------ PROVIDED RECORDS

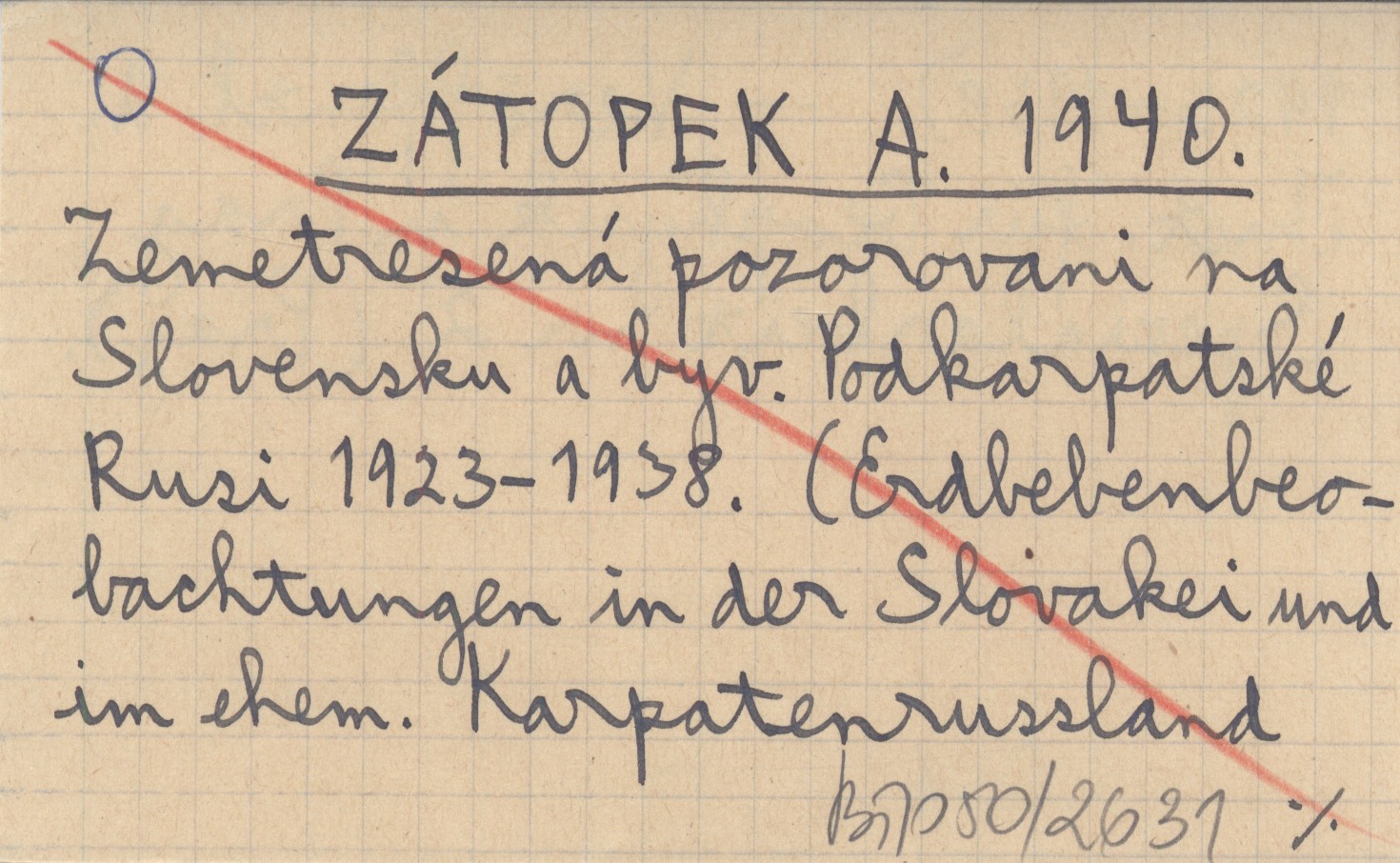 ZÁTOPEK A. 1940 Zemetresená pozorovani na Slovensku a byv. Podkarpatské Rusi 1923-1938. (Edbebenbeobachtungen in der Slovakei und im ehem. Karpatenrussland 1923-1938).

------------
------ PROVIDED RECORDS

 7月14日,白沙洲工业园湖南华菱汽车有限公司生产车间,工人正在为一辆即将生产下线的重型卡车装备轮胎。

------------
------ PROVIDED RECORDS

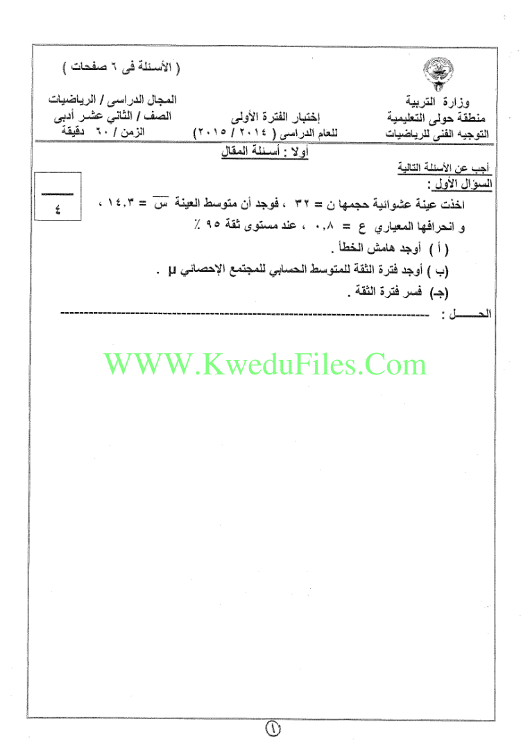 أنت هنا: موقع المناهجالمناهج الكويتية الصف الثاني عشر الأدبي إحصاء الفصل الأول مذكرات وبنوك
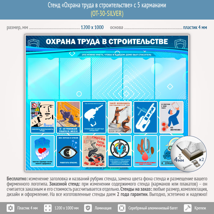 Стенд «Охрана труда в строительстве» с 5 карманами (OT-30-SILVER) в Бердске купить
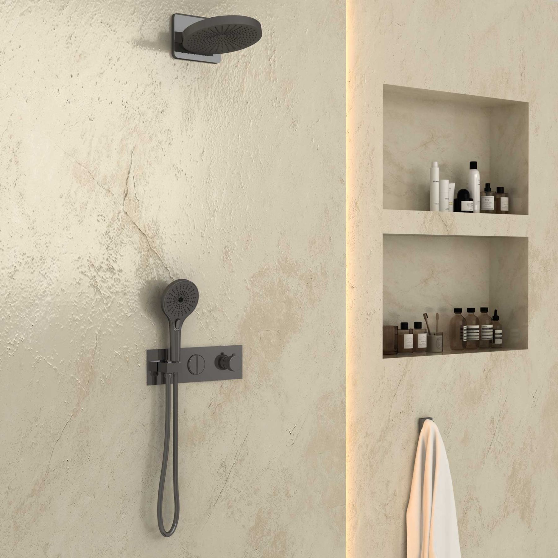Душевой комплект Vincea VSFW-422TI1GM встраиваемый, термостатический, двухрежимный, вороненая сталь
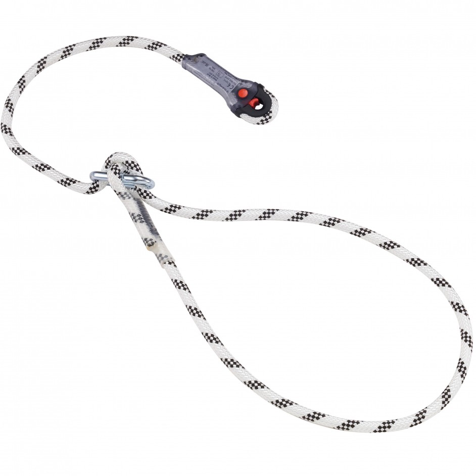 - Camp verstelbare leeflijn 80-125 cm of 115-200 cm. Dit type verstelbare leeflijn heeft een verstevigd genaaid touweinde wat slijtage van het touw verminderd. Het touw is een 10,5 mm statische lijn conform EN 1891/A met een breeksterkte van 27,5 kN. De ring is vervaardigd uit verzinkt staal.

------------

EXERCISE AIM
Extract from the material above the stretch running from the line containing "Душевой комплект Vincea" through the line containing "- Camp verstelbare". Keep the text exact and the pictures out.

EXPECTED ANSWER
Душевой комплект Vincea VSFW-422TI1GM встраиваемый, термостатический, двухрежимный, вороненая сталь
 - Camp verstelbare leeflijn 80-125 cm of 115-200 cm. Dit type verstelbare leeflijn heeft een verstevigd genaaid touweinde wat slijtage van het touw verminderd. Het touw is een 10,5 mm statische lijn conform EN 1891/A met een breeksterkte van 27,5 kN. De ring is vervaardigd uit verzinkt staal.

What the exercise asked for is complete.